> **What you need to do**:
From the first line to the last, copy the listing exactly and omit the pictures.

> **Information provided**:
= Beginning of Section =

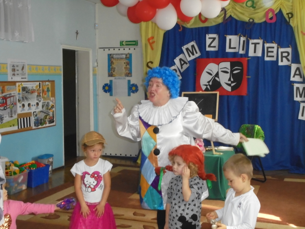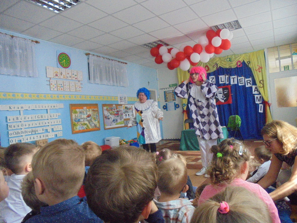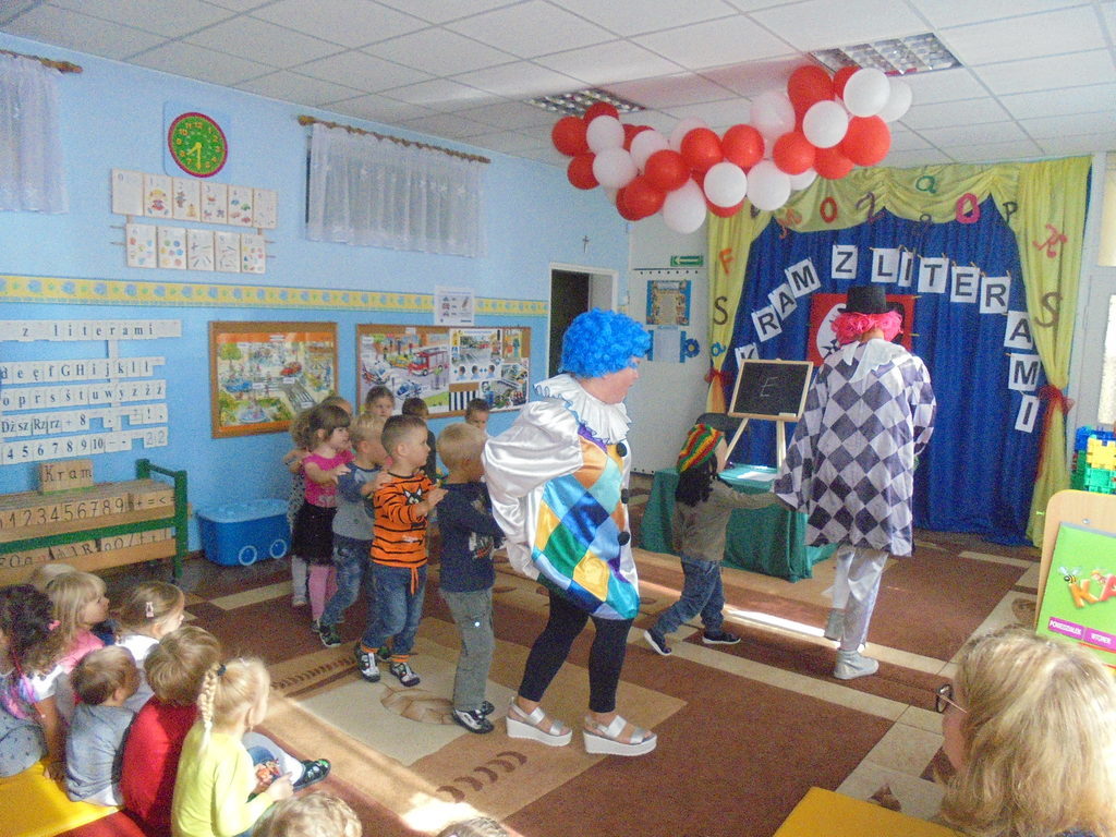 18 września 2017 roku wszystkie przedszkolaki obejrzały, a także aktywnie uczestniczyły w przedstawieniu „Kram z literami”. Spektakl oparty na wierszach Wandy Chotomskiej w dowcipny i żartobliwy sposób przedstawiał po kolei, „na wesoło” wszystkie litery alfabetu nadając każdej z nich indywidualny charakter. Profesjonalna gra aktorska, zmieniające się rekwizyty oraz włączanie dzieci do współtworzenia przedstawienia sprawiło, że przedszkolaki z zaciekawieniem i niepostrzeżenie chłonęły wiedzę o polskim języku. Interesujące zabawy i ćwiczenia logopedyczne oraz oprawa muzyczna uatrakcyjniły imprezę i sprawiły, że nauka stała się wesołą i łatwą zabawą przynosząc radość dzieciom. Spektakl zorganizowany został w ramach kampanii społecznej Cała Polska czyta dzieciom.
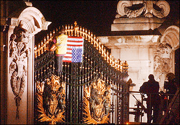 美國總統(tǒng)布什訪問英國前夕,一名英國婦女17日竟攀爬白金漢宮大門以示抗議。
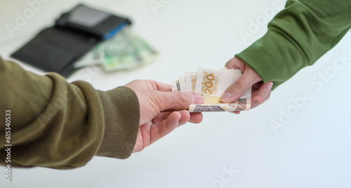 Płacić gotówką, przekazywane pieniądze z ręki do ręki pln

= End of Section =

> **Solution for this exercise**:
 18 września 2017 roku wszystkie przedszkolaki obejrzały, a także aktywnie uczestniczyły w przedstawieniu „Kram z literami”. Spektakl oparty na wierszach Wandy Chotomskiej w dowcipny i żartobliwy sposób przedstawiał po kolei, „na wesoło” wszystkie litery alfabetu nadając każdej z nich indywidualny charakter. Profesjonalna gra aktorska, zmieniające się rekwizyty oraz włączanie dzieci do współtworzenia przedstawienia sprawiło, że przedszkolaki z zaciekawieniem i niepostrzeżenie chłonęły wiedzę o polskim języku. Interesujące zabawy i ćwiczenia logopedyczne oraz oprawa muzyczna uatrakcyjniły imprezę i sprawiły, że nauka stała się wesołą i łatwą zabawą przynosząc radość dzieciom. Spektakl zorganizowany został w ramach kampanii społecznej Cała Polska czyta dzieciom.
 美國總統(tǒng)布什訪問英國前夕,一名英國婦女17日竟攀爬白金漢宮大門以示抗議。
 Płacić gotówką, przekazywane pieniądze z ręki do ręki pln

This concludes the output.